2.2.16.2 Gateway GPRS Support Node (ggsn)

Ggsn provides interconnection with external packet exchange networks. The main function of ggsn is to connect ue to an external Packet Exchange Network, where there will be IP-based applications and services. For example
The local data network can be IMS or the Internet. In other words, ggsn routes the IP package containing the SIP Message from the UE to the P-CSCF, and vice versa. In addition, ggsn also helps
IP packets are routed to the destination network (for example, the ggsn routed to the called end ). The provided interconnection service is generally implemented on the Access Point Where the subscriber wants to access the network. In most cases, IMS has its own access
Point. When you activate an access point (IMS) bearer channel (PDP)
Context), ggsn will assign a dynamic IP address to ue. The assigned IP address will be used by UE as the contact address for IMS registration and call initiation. In addition, ggsn will
Maintains and supervises the use of PDP context for IMS media streams and generates billing information.

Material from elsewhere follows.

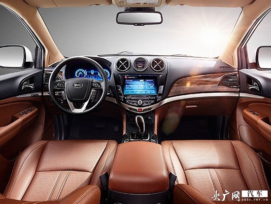 比亞迪唐的內飾設計也與比亞迪S7基本保持一致,只是該車的儀表盤采用的是液晶屏幕,空調出風口為十字樣式,另外中控臺上使用了木紋裝飾。

--------------------------------------
The content of this article is from the following works. If you are interested in the content of this article, please purchase genuine original books for reading.
Title: The ims ip Multimedia concepts and services in the Mobile Domain
Press: John Wiley & Sons, Ltd

The content of this translation shall not be used for commercial purposes without the consent of the author.

Contact Us

The content source of this page is from Internet, which doesn't represent Alibaba Cloud's opinion; products and services mentioned on that page don't have any relationship with Alibaba Cloud. If the content of the page makes you feel confusing, please write us an email, we will handle the problem within 5 days after receiving your email.

If you find any instances of plagiarism from the community, please send an email to: info-contact@alibabacloud.com and provide relevant evidence. A staff member will contact you within 5 working days.

A Free Trial That Lets You Build Big!

Start building with 50+ products and up to 12 months usage for Elastic Compute Service

  • Sales Support

    1 on 1 presale consultation

  • After-Sales Support

    24/7 Technical Support 6 Free Tickets per Quarter Faster Response

  • Alibaba Cloud offers highly flexible support services tailored to meet your exact needs.